Arnold disks

Consider the family of rational maps \[ f_{\lambda,a}(z) = z^2 \frac{az + 1}{a + z} \] where \(\lambda\) is a complex number different from zero and \(a\) is complex. Fix a giving (Brjuno) rotation number. The parameters where the corresponding rational map possesses a Herman ring with the given rotation number forms a disk. The subset of parameters where we fix the modulus forms a real-analytic curve. Approximations the projection to the \(a\)-coordinate of such curves for the rotation number equal to the golden mean is shown in the figure below:

To draw curves of constant modulus we approximate the modulus by \[ \frac{1}{n} \sum_{j=0}^{n-1} \log \left(\frac{f^j(\omega_2)} {f^j(\omega_1)} \right) . \] where \(\omega_1\) is the inner critical point, and \(\omega_2\) is the outer.

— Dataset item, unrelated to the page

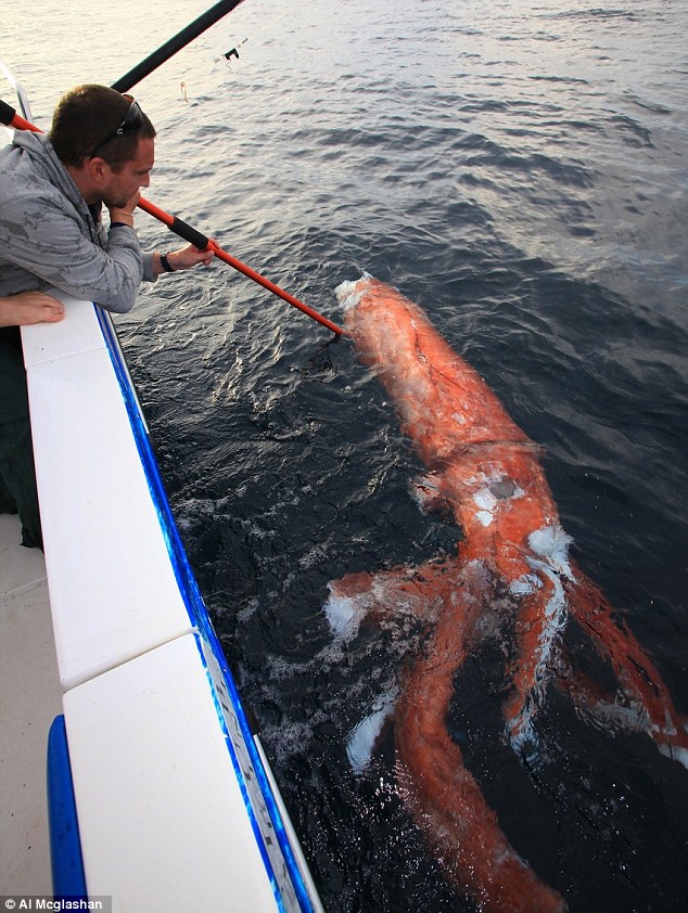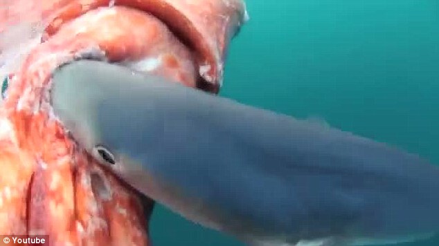 Δεν πίστευε στα μάτια του ο δημοσιογράφος της The Australian Daily Telegraph όταν είδε στην άκρη της πετονιάς του ένα γιγαντιαίο καλαμάρι τεσσάρων μέτρων με εμφανή πλήγματα από επίθεση καρχαρία.

In the following animation we show the dynamical plane as we follow the outer curve around in parameter space. The black circle is the unit circle. The moving black points are the first \(10^5\) iterates of the two critical points.


 

Now set the rotation number to be [30, 1, 1, ...] = 1/(30+γ), where γ is the golden mean. Even if more difficult this time around, we still approximate curves in the Arnold disk:


It seems that the disk is somehow pinched. Again we make an animation following the outer curve around:


We draw the same types of pictures, but this time in logarithmic coordinates. With a somwhat bigger modulus than the previous picture, we get the following animiation:


Following a curve closer to the boundary of the Arnold Disks, with get Herman rings with smaller moduli.